● THE PROBLEM
Could the listing be repeated exactly, with every picture dropped?

● RECORDED DATA
====================

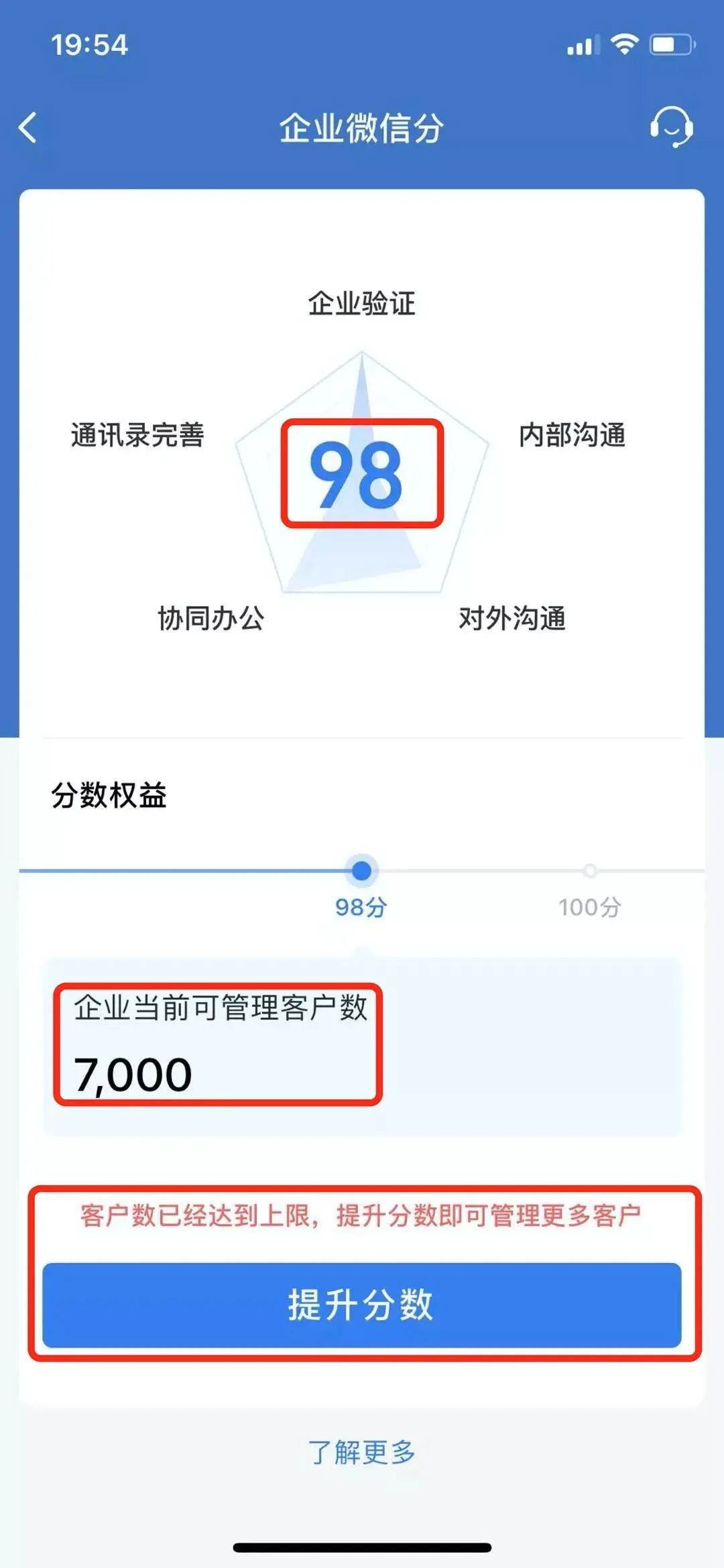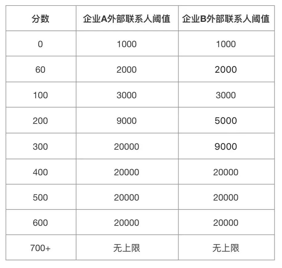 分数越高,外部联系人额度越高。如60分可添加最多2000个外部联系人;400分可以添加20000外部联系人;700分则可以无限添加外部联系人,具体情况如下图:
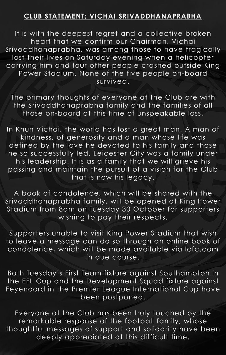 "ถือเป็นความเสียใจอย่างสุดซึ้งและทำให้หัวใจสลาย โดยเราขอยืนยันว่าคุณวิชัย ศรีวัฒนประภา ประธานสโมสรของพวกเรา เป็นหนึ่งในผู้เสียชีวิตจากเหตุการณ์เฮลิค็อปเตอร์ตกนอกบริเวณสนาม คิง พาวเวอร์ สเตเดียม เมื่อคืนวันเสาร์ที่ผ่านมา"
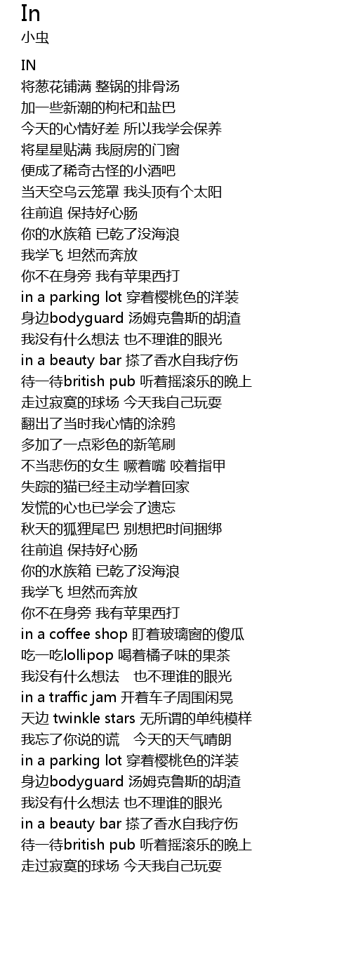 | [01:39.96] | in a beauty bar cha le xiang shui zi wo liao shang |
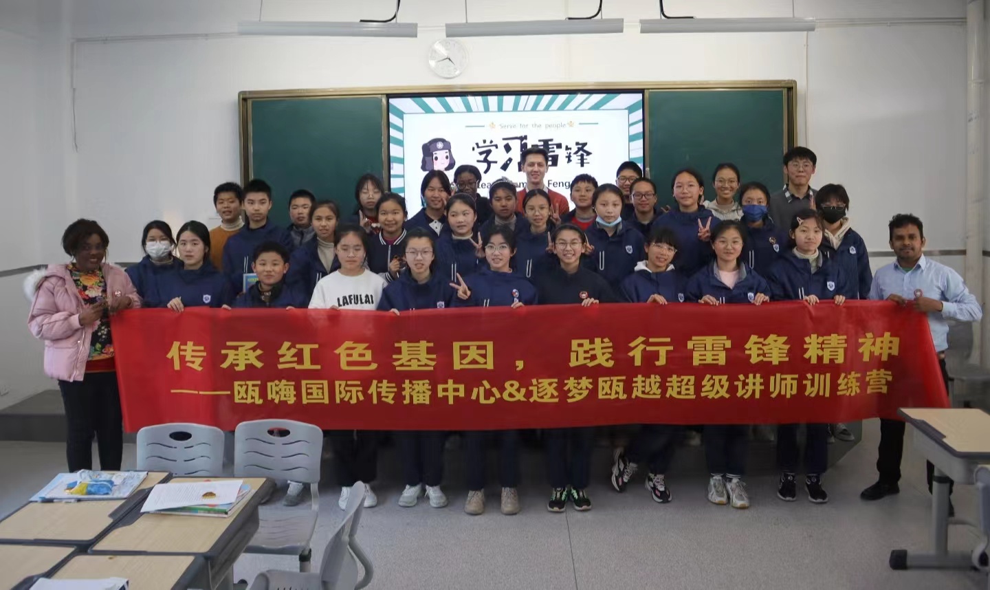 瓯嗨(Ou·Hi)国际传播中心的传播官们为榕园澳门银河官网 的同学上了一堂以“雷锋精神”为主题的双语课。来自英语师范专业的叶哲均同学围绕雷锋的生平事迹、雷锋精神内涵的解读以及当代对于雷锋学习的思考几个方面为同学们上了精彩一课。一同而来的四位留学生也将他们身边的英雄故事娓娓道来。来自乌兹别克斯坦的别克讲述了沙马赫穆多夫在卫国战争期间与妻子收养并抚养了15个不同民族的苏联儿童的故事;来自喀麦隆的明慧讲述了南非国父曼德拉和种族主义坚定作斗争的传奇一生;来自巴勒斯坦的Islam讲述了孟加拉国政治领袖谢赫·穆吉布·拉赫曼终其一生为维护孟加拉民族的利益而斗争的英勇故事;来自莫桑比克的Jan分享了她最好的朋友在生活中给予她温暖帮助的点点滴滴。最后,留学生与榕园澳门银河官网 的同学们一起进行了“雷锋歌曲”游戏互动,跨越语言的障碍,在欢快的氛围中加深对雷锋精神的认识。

====================

● OUTPUT
 分数越高,外部联系人额度越高。如60分可添加最多2000个外部联系人;400分可以添加20000外部联系人;700分则可以无限添加外部联系人,具体情况如下图:
 "ถือเป็นความเสียใจอย่างสุดซึ้งและทำให้หัวใจสลาย โดยเราขอยืนยันว่าคุณวิชัย ศรีวัฒนประภา ประธานสโมสรของพวกเรา เป็นหนึ่งในผู้เสียชีวิตจากเหตุการณ์เฮลิค็อปเตอร์ตกนอกบริเวณสนาม คิง พาวเวอร์ สเตเดียม เมื่อคืนวันเสาร์ที่ผ่านมา"
 | [01:39.96] | in a beauty bar cha le xiang shui zi wo liao shang |
 瓯嗨(Ou·Hi)国际传播中心的传播官们为榕园澳门银河官网 的同学上了一堂以“雷锋精神”为主题的双语课。来自英语师范专业的叶哲均同学围绕雷锋的生平事迹、雷锋精神内涵的解读以及当代对于雷锋学习的思考几个方面为同学们上了精彩一课。一同而来的四位留学生也将他们身边的英雄故事娓娓道来。来自乌兹别克斯坦的别克讲述了沙马赫穆多夫在卫国战争期间与妻子收养并抚养了15个不同民族的苏联儿童的故事;来自喀麦隆的明慧讲述了南非国父曼德拉和种族主义坚定作斗争的传奇一生;来自巴勒斯坦的Islam讲述了孟加拉国政治领袖谢赫·穆吉布·拉赫曼终其一生为维护孟加拉民族的利益而斗争的英勇故事;来自莫桑比克的Jan分享了她最好的朋友在生活中给予她温暖帮助的点点滴滴。最后,留学生与榕园澳门银河官网 的同学们一起进行了“雷锋歌曲”游戏互动,跨越语言的障碍,在欢快的氛围中加深对雷锋精神的认识。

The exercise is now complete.